Event time: when the clickstream event happened (event_ts)
Processing time: when I loaded it into the warehouse (loaded_at)
SCD Type 2: a table strategy that keeps history by creating a new row for each change, rather than overwriting.

The schema I used

I had two tables:

1) Staging event table (incremental loads)

This table contains raw derived attribution events.

-- staging.attribution_events
-- one row per user event that can affect attribution
user_id          STRING
event_ts         TIMESTAMP_NTZ
campaign_id      STRING
source_system    STRING
loaded_at        TIMESTAMP_NTZ

2) Dimension history table

-- analytics.dim_user_campaign_scd2
user_id                 STRING
campaign_id             STRING
effective_start_ts     TIMESTAMP_NTZ
effective_end_ts       TIMESTAMP_NTZ
is_current              BOOLEAN
updated_at              TIMESTAMP_NTZ

The tricky part: merging based on event time for late arrivals

A normal incremental SCD Type 2 merge would do something like:

“Find current row (where is_current = true) and close it”
“Insert a new row for the new campaign”

But late events mean: the “current row” might already have been closed using a later event. For event-time correctness, I needed to determine the correct historical window the late event belongs to.

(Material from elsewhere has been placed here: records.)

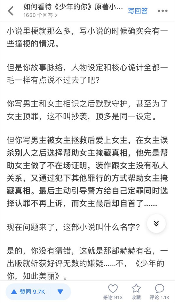 而这样的争议自原著小说《少年的你,如此美丽》发表时起就一直伴随。从小说改编成电影的消息传出的近两年来,东野圭吾的书迷以及一些反感抄袭的网友也一直持续在互联网上对原作者玖月晞发起声讨。甚至有网友直接将东野圭吾的作品与玖月晞的作品,情节做成了表格进行对比。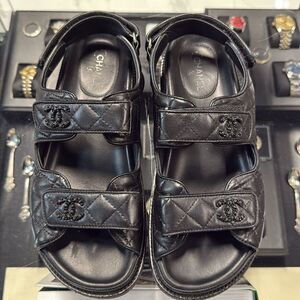 Authentic! BLACK Chanel Quilted Leather Dad Sandals box & dust covers SIZE 38C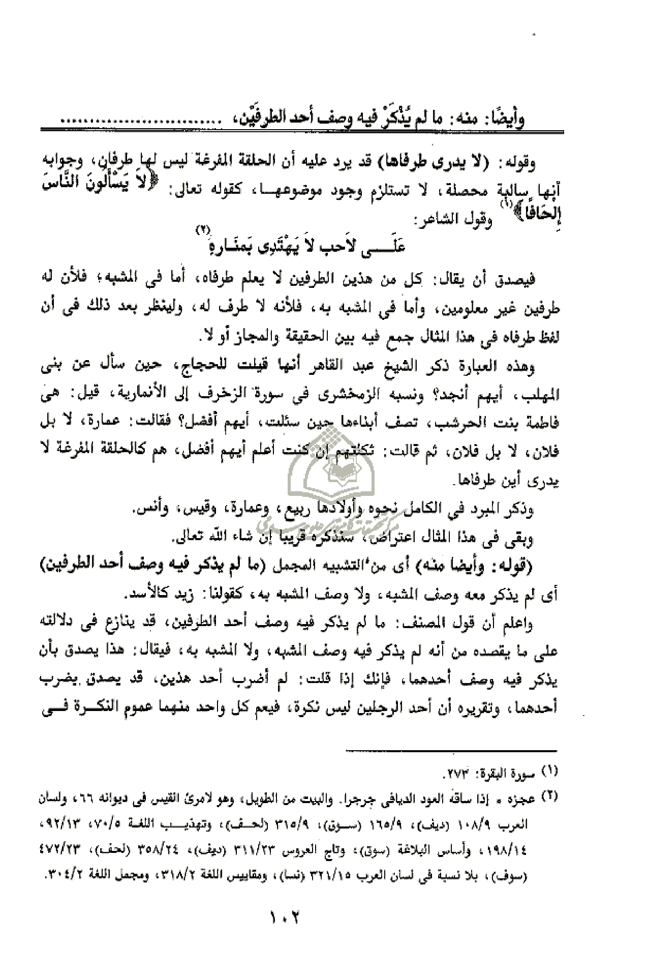 فيصدق أن يقال: كل من هذين الطرفين لا يعلم طرفاه، أما فى المشبه؛ فلأن له طرفين غير معلومين، وأما فى المشبه به، فلأنه لا طرف له، ولينظر بعد ذلك فى أن لفظ طرفاه فى هذا المثال جمع فيه بين الحقيقة والمجاز أو لا.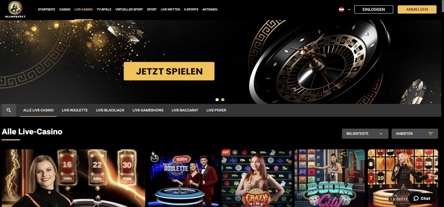 Bei dieser Frage orientiert sich das Olympusbet Casino am Angebot anderer, etablierter Casinos. So kommen diese heutzutage schlicht nicht mehr ohne ein Live Casino aus. Dennoch zeigen sich hier auch einige Unterschiede im direkten Vergleich. Während Spielshows bei anderen Anbietern eine immer größere Rolle spielen, sind diese im Olympusbet Casino nur bedingt vertreten. Unseren Erfahrungen nach gibt es weniger als 20 Spielshows. Abseits davon ist das Live Casino aber gut aufgestellt. Ob online Casino Roulette, Live online Casino Blackjack, Live Baccarat oder Live Poker – insgesamt erwarten Dich hier etwa 200 Spiele im Live Casino.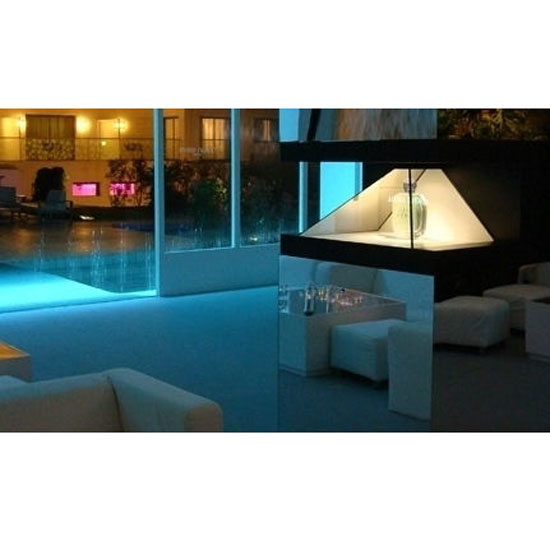 The 3D holographic display provides a powerful way to showcase your product. It is a mixed-reality display designed to present products or artifacts in combination with free floating holographic video elements. Due to its stunning visual effect, it quickly becomes center of attention in any retail shop or exhibition, creating that all important foot traffic and brand awareness.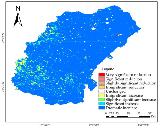 The change in vegetation cover was divided into nine classes based on the Theil-Sen Median trend value analysis and the Mann–Kendall nonparametric test at a significance level of 0.05: dramatic increase, significant increase, slightly significant increase, insignificant increase, unchanged, insignificant reduction, slightly significant reduction, significant reduction, and very significant reduction.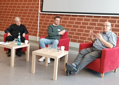 Im anschließenden Podiumsgespräch zwischen Mertes und Heinemann ging es um die Herausforderung der Demokratie durch völkisches Denken, Nationalismus und die gesellschaftliche Spaltung. Heinemann verglich den Volksempfänger im Nationalsozialismus mit den heutigen sozialen Netzwerken, die von autoritären Akteuren oder durch russische Infiltration genutzt werden, um Wahlen zu beeinflussen und Zwietracht zu säen. „Wir laufen Gefahr, aufgrund eines falschen Freiheitsverständnisses in die Falle zu tappen“, sagte er.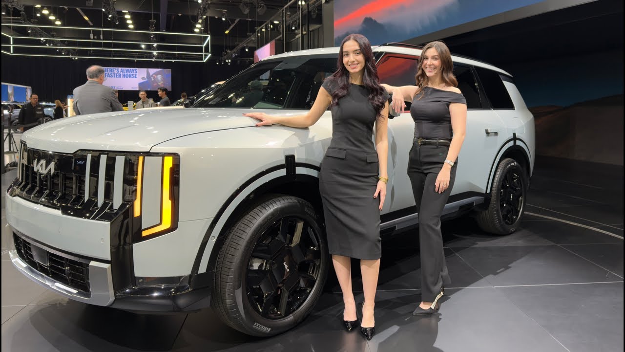 Back to the the Hyundai channel. I’m Gabby. I’m Charlotte. And we are inside the 2027 Kia Teleride Hybrid. Hybrid. So, this is a new powertrain. This is a brand new powertrain. It’s a brand new redesign. And this vehicle, it’s really going to surprise you. They’ve listened to their customers. They’ve given us what we want and we get to walk you guys through it today. Yep. And not to drop any major spoilers right at the beginning of this video, but we thought this was going to be the new and exciting powertrain. Turns out we have two new exciting power trains. So, if you haven’t seen our new video on the Telluride X, not XRT, XPro. Go and check that out. We’ll have it linked down below for you guys. And if you haven’t already, like this video, subscribe to the Kia Hyundai channel because we’re the Kia girls. We’re the Hyundai girls. We got it all. You know, we’re going to cover it. All right, let’s get out, talk about the exterior and the powertrain first, and then we’ll hop in and talk about this interior that’s got a fun color. Spoiler alert, we got new door handles. Here’s your demo. Now, let’s go and see our first look at what the exterior is. And you guys let me know what you think and then we’ll find Gabby. There she is, the queen herself, because the wheelbase has been extended by 3 in. So, not only does I give this vehicle a very, very well stance, I mean, it it stands out a very stout at the OP show. Everyone’s crowding this. It’s you can’t not look this. It’s very changed everything. It’s a full inch longer and base and a slightly taller. The car has transformed from that almost like exterior styling to more so a modern bold yet smooth design. Let’s start off on the front end first with our grill because the hybrid has an exclusive grill design that we just don’t see on our regular gas. So, while we still have a lot of gloss blacks for the housing of the headlamp unit and even the grill itself, you’ll notice that there is a ton more body color for the exterior contrast. So, all of this will be in the same tone as the rest of your exterior. So, that separates the grill quite a bit. It expands towards our center here, stopping at around the third mark. Now, the main focus of the grill, right smack dab in the center, is our Kia emblem. And that Kia will be finished with a satin or brushed aluminum touch. So, this adds a ton more contrast and gives the hybrid a bit of a lighter look, less rugged that we see on things like the X Lines and the XPros. We also have a forward- facing camera, and that is one of the many exterior cameras we’ll find on the 360 vehicle. It pieces together a full live image of everything happening around you. So, if I’m moving my vehicle forwards and I approach another car’s bumper, it shows me just how close I am and also gives me audible alerts. The lower portion of our grill and also our lip essentially is finished in satin chrome to add to that bright contrast. So, dark meets light, the way I like to call it whenever we see this on our vehicles. Now, coming along to the wheels. These are I think one of my more preferred styling choices on the Teller red line. So, if you watched our X Pro video, you’ll notice that we have a smaller alloy in a big beefy boy tire. Now, we have a 20-in alloy and full gloss black design with our bright Kia logo in the very center. The tire itself is a Pirelli Scorpion allseason tire. And the Is everything okay, Charlotte? Yep. All right. And as far as our all-wheel drive system goes, I can speak for us in Canada. We have all-wheel drive standard on the ride, which also includes without having to add on any sort of package, snow mode, mud mode, and sand. Now, each of those drive modes are going to change the way your torque is split on the vehicle, as well as how the stability and traction control operates. Now, that won’t change. We are still getting that, and it looks like the states is getting it, too. No word yet, though, on if it has to be added on as packages afterwards. The wheel arches are also special to the hybrid. So, we have a bit of a sandwich style. There’s gloss black on the outer and inner ring. And then the very center is finished in your body color paints. I don’t have the paint coat or the name of this paint coat. I wish I did, but it is a bit of a blue silver, a very bright color, and it is certainly metallic. It’s got a beautiful shine to it. I hope we get this in Canada. Your mirrors are going to be power folding with a little bit of the black surrounding our repeaters. And I’ve got to shout out to whoever’s sitting in there because they hid the hazards and it illuminated. So, you got to see it in action. We also have our blind view monitor. And then, of course, we have a ton of advanced driver assist instruction functions. So things like highway driving assist level two that does its own automated lane changes as well as our smart cruise control, blind spot detection, blind view monitoring, forward collision avoidance, rear cross traffic collision avoidance, you name it, it will be on the newell ride. Now I realize I didn’t talk to you guys about our powertrain and that’s what if you’re buying the hybrid for really. So let’s work our way over towards the front. So I can’t pop the hood unfortunately, but it only feels natural to show you it. And it is a long, wide, and character lined. Good. So, we have a 2.5 L turbocharged inline 4 and that’s actually the second 2.5 L turbo in the Teleride powertrain lineup. That’s right. The gas model is now also a four-cylinder drive. But this one also has two electric motors to join its force. That will give you the blend of efficiency from the electric motor, but also the enhanced torque output. So with this gasoline powertrain in that electric motor, we have a combined output of 329 horse with 339 pound feet of torque. Those are big numbers and that’s actually quite more impressiv

The strategy I implemented

For each user_id, for each incoming event:

Compute the event’s effective timestamp (effective_from = event_ts)
Find the row in the SCD2 table whose time window contains effective_from
- effective_start_ts <= effective_from < effective_end_ts
If that row’s campaign_id already matches, do nothing
Otherwise:
- close that row at effective_from
- insert a new row starting at effective_from
Ensure is_current is correct for everything affected.

This works even when the data arrives late because it rebuilds the boundary at the correct event time.

Working dbt model (Snowflake SQL)

I used a dbt model configured as incremental with a merge strategy. The key is the SQL inside the model.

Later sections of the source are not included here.